Выбрать главу

Принять именно эту, наиболее раннюю дату (тем более имеются все основания, что сами византийцы относили непосредственное начало своей государственности ко времени правления Константина I Великого (306–337 гг.), сочетавшего режим самодержавной монархии римского домината с христианской доктриной, а церковь – с государством. Епископ Евсевий Кесарийский, биограф Константина Великого, писал: «Все части Римской империи соединились в одно, все народы Востока слились с другой половиной государства, и целое украсилось единовластием, как бы единой главой, и всё начало жить под владычеством монархии… Все и всюду прославляли победителя и соглашались признавать Богом только Того, Кто доставил ему спасение. А славный во всяком роде благочестия василевс-победитель (ибо за победы, дарованные ему над всеми врагами и противниками, такое получил он собственное титулование) принял Восток и, как было в древности, соединил в себе власть над всей Римской империей. Первый проповедав всем монархию Бога, он и сам царствовал над римлянами и держал в узде все живое…»

Именно к сфере императорского правления и, в целом, государственного устройства относится еще одна особенность Византии, позволяющая сравнивать ее с Советским Союзом и, возможно, рядом других государств XX в. Имеется в виду якобы тоталитарный характер византийского государства, который многим советским интеллигентам, в особенности историкам, напоминал советский тоталитаризм сталинского образца, или же существенно более мягкий, «вегетарианский» авторитаризм (есди угодно, тоталитаризм-лайт) брежневской эпохи. Выдающийся византинист второй половины XX в., начинавший свою научную карьеру в СССР, а закончивший, после эмиграции, в США, Александр Каждан вспоминал в автобиографическом очерке «Трудный путь в Византию»: «…в глухие сталинские времена, когда я преподавал в Тульском педагогическом институте, мой друг, которому я излагал свои взгляды на византийскую централизованную экономику, воскликнул: “Да ведь это же все, как у нас!” Он не был историком, и ему можно простить поспешное заключение. Много позднее, когда хрущевская оттепель приоткрыла щель к свободомыслию и судьба перенесла меня в Москву, моя начальница настаивала на том, чтобы я выбросил из своей книжки характеристику императора Юстиниана І, данную ему современником, писателем Прокопием Кесарийским, ибо, говорила она, всем ясно, что я пишу не об Юстиниане, а о Сталине. Прокопий, разумеется, писал не о Сталине, но, как подданный тоталитарной империи, он пользовался известным стереотипом деспотического государя, который – в известных пределах – мог быть приложим к любому деспоту».

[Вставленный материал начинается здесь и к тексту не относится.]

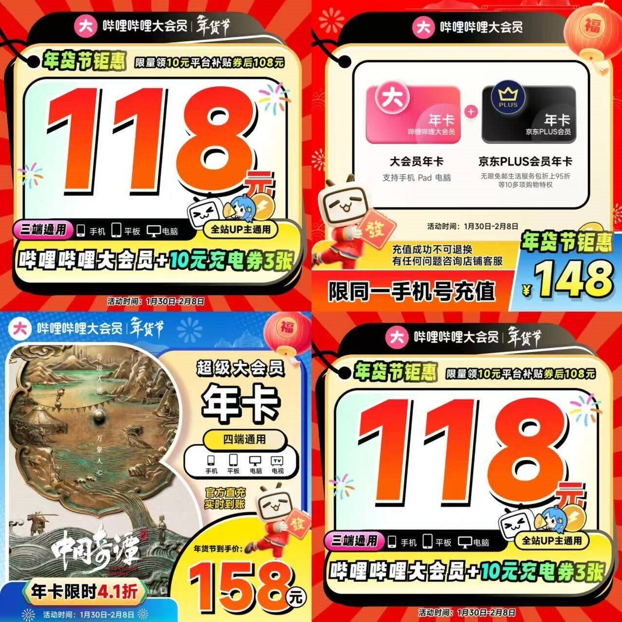 108亓 B站会员12个月年卡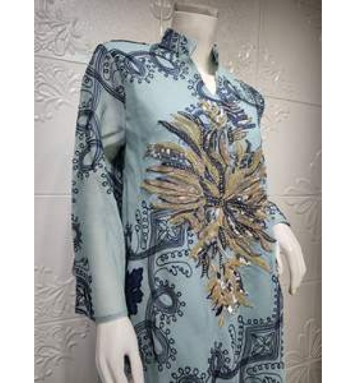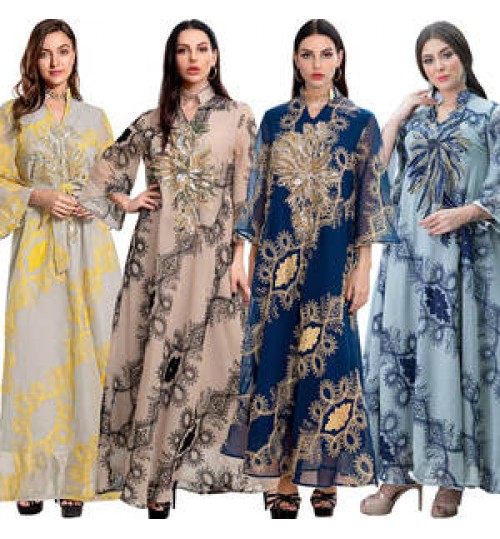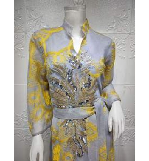 • GANE S-XXL Plus Size Fast Delivery Belt Muslim National Style Women Bobtail Beaded Flower Evening Dress Longuette Eid Dress

Восприятие Византии как некоего прообраза сталинского тоталитарного государства заставило в свое время отказаться от поприща византиниста известного специалиста по истории западноевропейского средневековья Арона Гуревича, поскольку, как он вспоминает в своей автобиографической «Истории историка», «начал все более отчетливо ощущать нарастающую неприязнь к предмету моих штудий. Византийские порядки слишком напоминали мне советскую сталинскую действительность». Для Александра Каждана же, наоборот, именно этот аспект византийской цивилизации был наиболее важным и привлекательным: «Византия оставила нам уникальный опыт европейского тоталитаризма. Для меня Византия не столько колыбель Православия или хранительница сокровищ античной Эллады, сколько тысячелетняя лаборатория тоталитарного опыта, без осмысления которого мы, видимо, не в состоянии представить себе наше собственное место в историческом процессе». Как отмечал еще один известный отечественный историк Византии Сергей Иванов, возможно, советские византинисты «были единственной категорией населения, которая в этих условиях получала некоторые интеллектуальные преимущества: ведь они жили в обществе, отдаленно напоминавшем объект их научных изысканий».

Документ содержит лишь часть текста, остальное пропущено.